• **Activity**:
Reproduce the listing below from the line with "full length of" to the line with "قال: وهو دور؛", both lines included, character for character, minus any pictures.

• **Exercise material**:
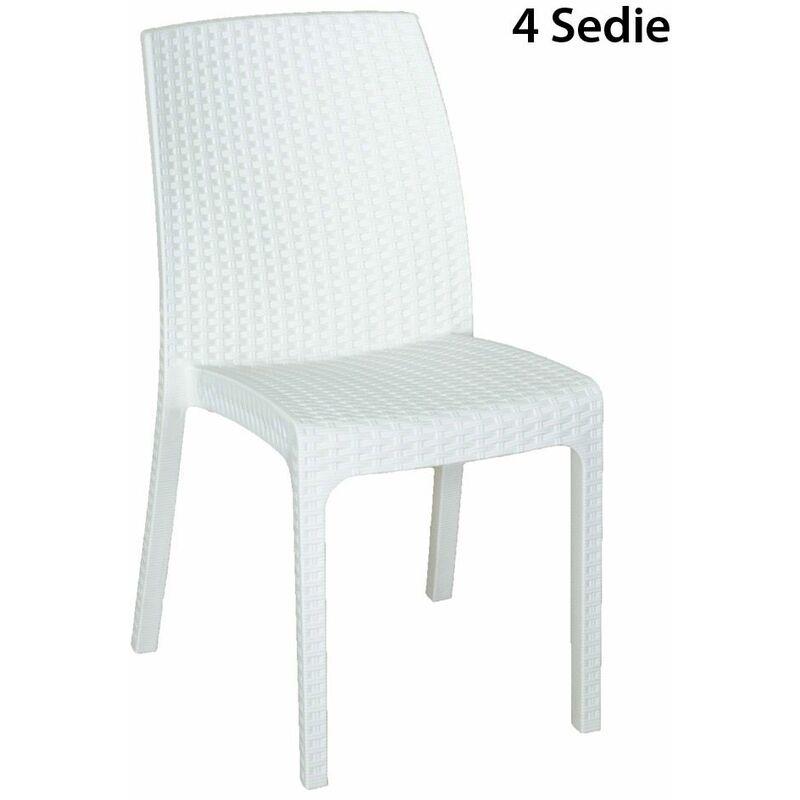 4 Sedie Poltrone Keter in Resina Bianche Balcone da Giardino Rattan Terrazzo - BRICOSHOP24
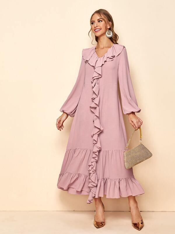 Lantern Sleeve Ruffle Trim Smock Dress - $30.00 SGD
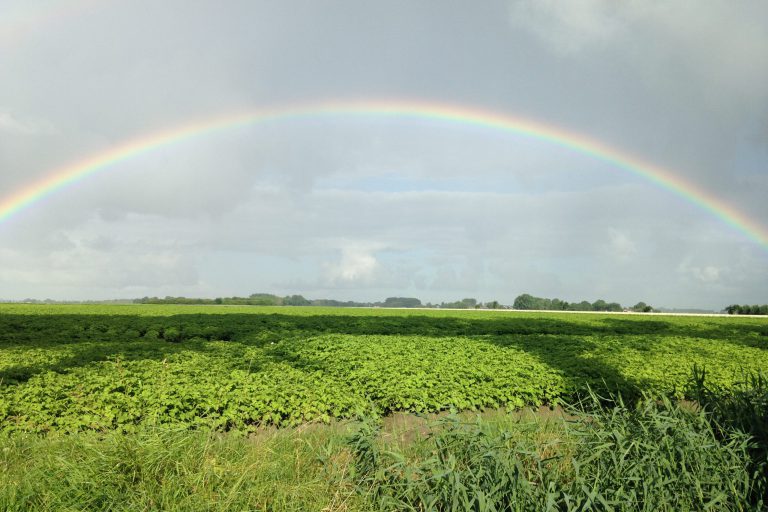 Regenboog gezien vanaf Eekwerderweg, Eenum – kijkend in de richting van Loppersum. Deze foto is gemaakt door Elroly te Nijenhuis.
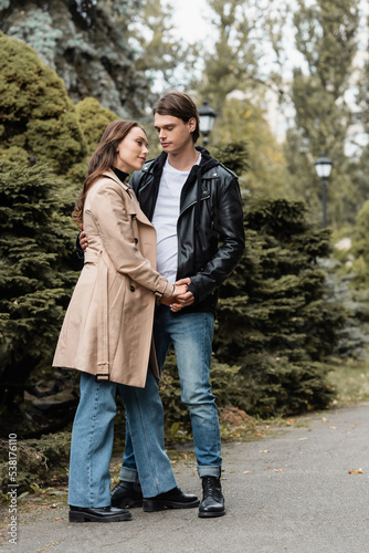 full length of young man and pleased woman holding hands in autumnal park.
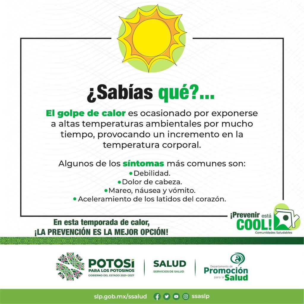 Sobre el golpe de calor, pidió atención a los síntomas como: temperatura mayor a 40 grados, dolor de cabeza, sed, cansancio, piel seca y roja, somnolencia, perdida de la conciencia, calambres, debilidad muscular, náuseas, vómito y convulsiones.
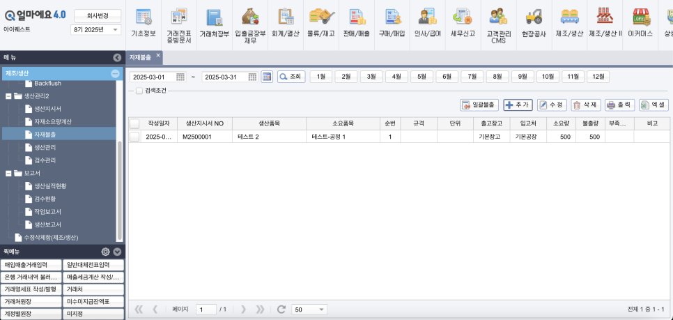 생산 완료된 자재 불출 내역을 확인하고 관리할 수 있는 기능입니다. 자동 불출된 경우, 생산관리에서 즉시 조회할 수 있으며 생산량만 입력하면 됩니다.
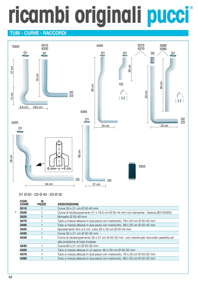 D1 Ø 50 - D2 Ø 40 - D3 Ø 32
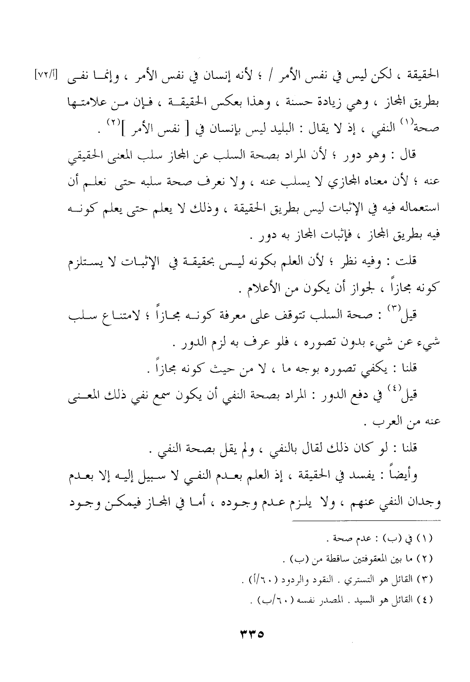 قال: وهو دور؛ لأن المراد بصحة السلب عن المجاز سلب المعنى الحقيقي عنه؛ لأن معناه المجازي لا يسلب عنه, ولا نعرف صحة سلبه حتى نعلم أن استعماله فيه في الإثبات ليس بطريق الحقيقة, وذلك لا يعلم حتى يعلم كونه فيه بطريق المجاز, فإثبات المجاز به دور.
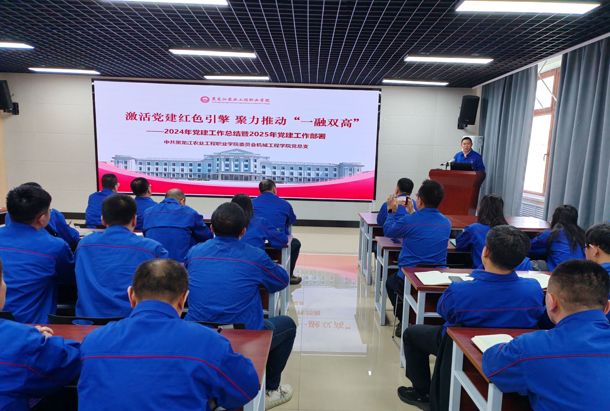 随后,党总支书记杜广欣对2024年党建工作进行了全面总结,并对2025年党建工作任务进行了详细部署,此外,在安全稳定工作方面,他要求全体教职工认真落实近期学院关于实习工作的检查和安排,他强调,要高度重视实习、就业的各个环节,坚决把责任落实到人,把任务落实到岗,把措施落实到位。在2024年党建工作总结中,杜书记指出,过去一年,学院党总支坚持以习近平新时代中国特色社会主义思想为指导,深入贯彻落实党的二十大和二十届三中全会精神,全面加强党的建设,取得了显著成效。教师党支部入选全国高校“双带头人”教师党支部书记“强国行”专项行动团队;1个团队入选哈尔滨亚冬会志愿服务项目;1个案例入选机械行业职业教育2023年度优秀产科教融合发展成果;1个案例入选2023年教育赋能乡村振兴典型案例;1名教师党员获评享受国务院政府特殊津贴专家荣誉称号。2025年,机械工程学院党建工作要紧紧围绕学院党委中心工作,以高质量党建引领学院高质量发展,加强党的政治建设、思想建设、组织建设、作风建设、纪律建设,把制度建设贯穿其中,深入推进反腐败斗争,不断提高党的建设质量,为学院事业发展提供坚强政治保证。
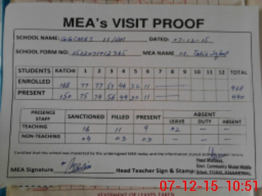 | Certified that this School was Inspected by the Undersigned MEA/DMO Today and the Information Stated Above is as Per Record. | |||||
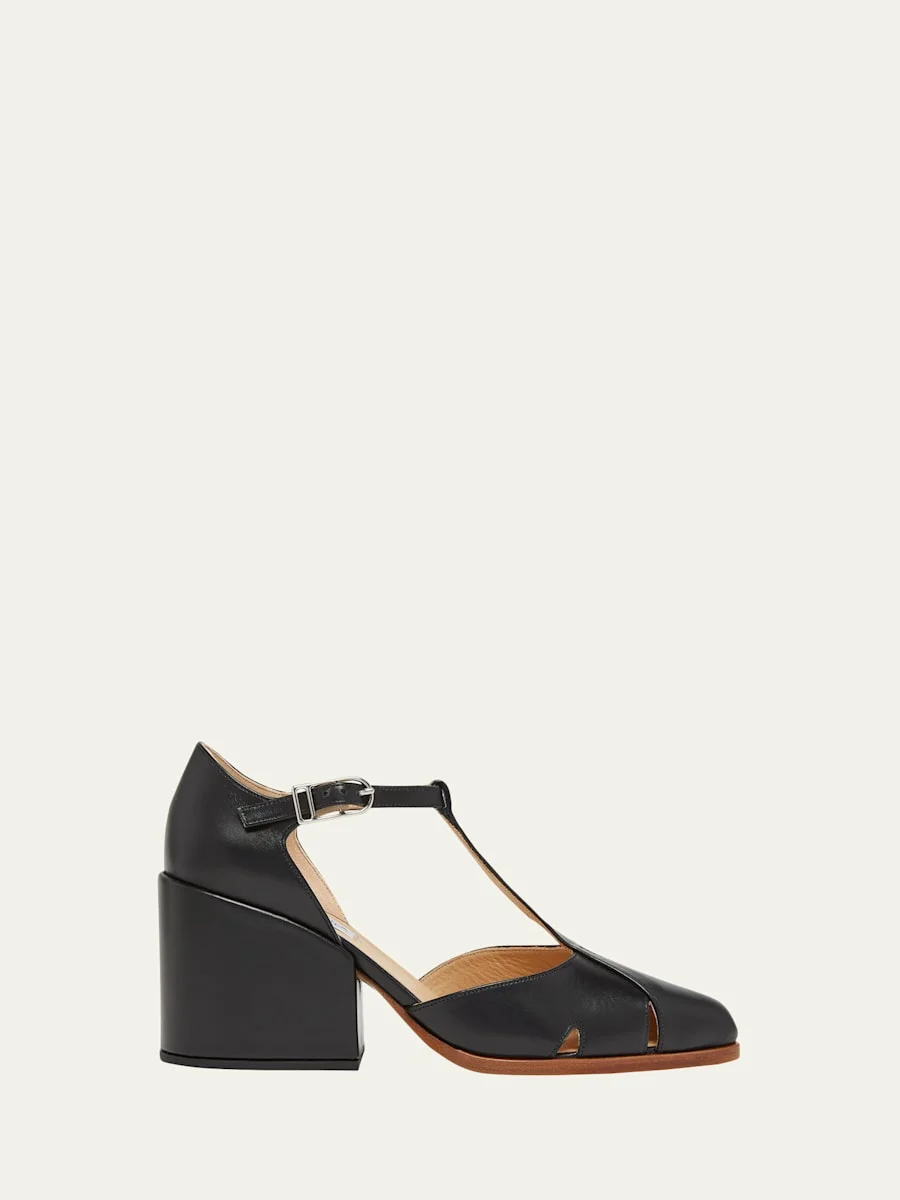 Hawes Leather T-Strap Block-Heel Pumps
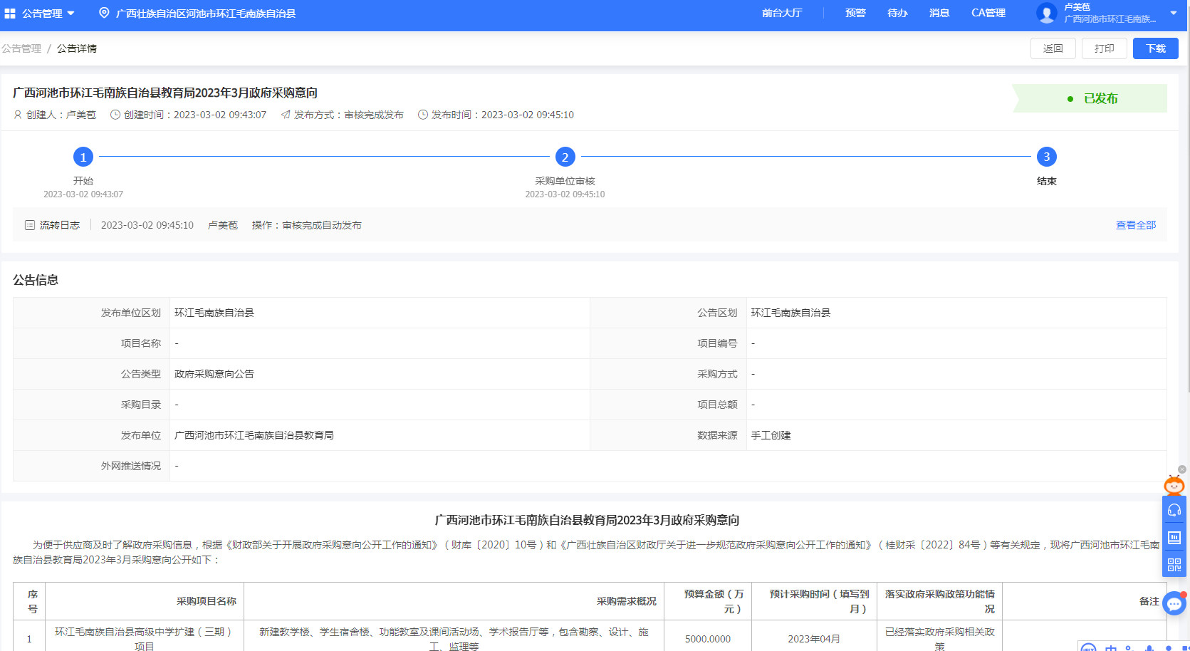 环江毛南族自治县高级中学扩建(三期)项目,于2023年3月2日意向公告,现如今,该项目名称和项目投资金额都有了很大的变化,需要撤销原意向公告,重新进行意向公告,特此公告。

• **Response to the task**:
 full length of young man and pleased woman holding hands in autumnal park.
 Sobre el golpe de calor, pidió atención a los síntomas como: temperatura mayor a 40 grados, dolor de cabeza, sed, cansancio, piel seca y roja, somnolencia, perdida de la conciencia, calambres, debilidad muscular, náuseas, vómito y convulsiones.
 생산 완료된 자재 불출 내역을 확인하고 관리할 수 있는 기능입니다. 자동 불출된 경우, 생산관리에서 즉시 조회할 수 있으며 생산량만 입력하면 됩니다.
 D1 Ø 50 - D2 Ø 40 - D3 Ø 32
 قال: وهو دور؛ لأن المراد بصحة السلب عن المجاز سلب المعنى الحقيقي عنه؛ لأن معناه المجازي لا يسلب عنه, ولا نعرف صحة سلبه حتى نعلم أن استعماله فيه في الإثبات ليس بطريق الحقيقة, وذلك لا يعلم حتى يعلم كونه فيه بطريق المجاز, فإثبات المجاز به دور.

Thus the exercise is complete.